I used XGBoost, which is the leading library for gradient boosting in Python. It works very similar to scikit-learn where you fit the model and run predictions

In [39]:
from xgboost import XGBRegressor
xgbmodel = XGBRegressor()
xgbmodel.fit(train, saleprices)
Out[39]:
XGBRegressor(base_score=0.5, booster='gbtree', colsample_bylevel=1,
       colsample_bytree=1, gamma=0, learning_rate=0.1, max_delta_step=0,
       max_depth=3, min_child_weight=1, missing=None, n_estimators=100,
       n_jobs=1, nthread=None, objective='reg:linear', random_state=0,
       reg_alpha=0, reg_lambda=1, scale_pos_weight=1, seed=None,
       silent=True, subsample=1)

Predictions

In [40]:
y_pred = xgbmodel.predict(test)
y_pred
y_pred_exp = np.expm1(y_pred)
y_pred_exp
Out[40]:
array([128428.94, 166563.05, 182806.5 , ..., 165588.83, 115200.83,
       234027.3 ], dtype=float32)

Part 6: Submission


In [41]:
test = pd.read_csv('test.csv')
submission = pd.DataFrame({
    'Id' : test['Id'],
    'SalePrice': y_pred_exp
})
submission.to_csv('submission.csv',index=False)
In [42]:
submission.head()
Out[42]:
Id SalePrice
0 1461 128428.937500
1 1462 166563.046875
2 1463 182806.500000
3 1464 186999.828125
4 1465 184022.531250
In [43]:
example = pd.read_csv('sample_submission.csv')
example.head()
Out[43]:
Id SalePrice
0 1461 169277.052498
1 1462 187758.393989
2 1463 183583.683570
3 1464 179317.477511
4 1465 150730.079977

Results

housing_submission

Conclusion


The first time working through this journal, I did my cleaning separately on my train and test sets, but this didn't work because I got a different number of dummy variables for each due to different columns having missing values.

I also could have done more with feature engineering and created more features.
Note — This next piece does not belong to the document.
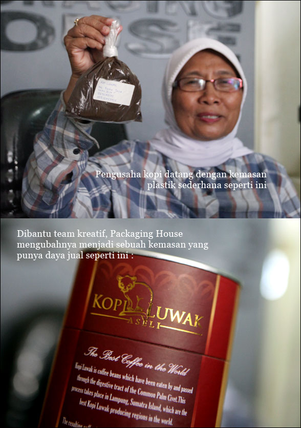 Mengapa kemasan ? Ia menunjukan sebuah produk kopi luwak yang dibungkus dengan plastik dan diberi label yang ditulis tangan. “Apakah orang akan tertairk dengan produk seperti ini ? Saya yakin, sebagus apapun kopi yang mereka jual dalam bungkusan plastik yang bersahaja itu, hanya sedikit, kalau tak seorangpun yang akan melirik kopi tersebut” ujarnya.

Lastly, I also used XGBoost for my model, but there are thousands of different types of models, as well as ensembling methods.

Well, there we go. I went from zero to a final submission on Kaggle. I hope you enjoyed my thought process, and I'm always welcome to any comments, questions, and suggestions.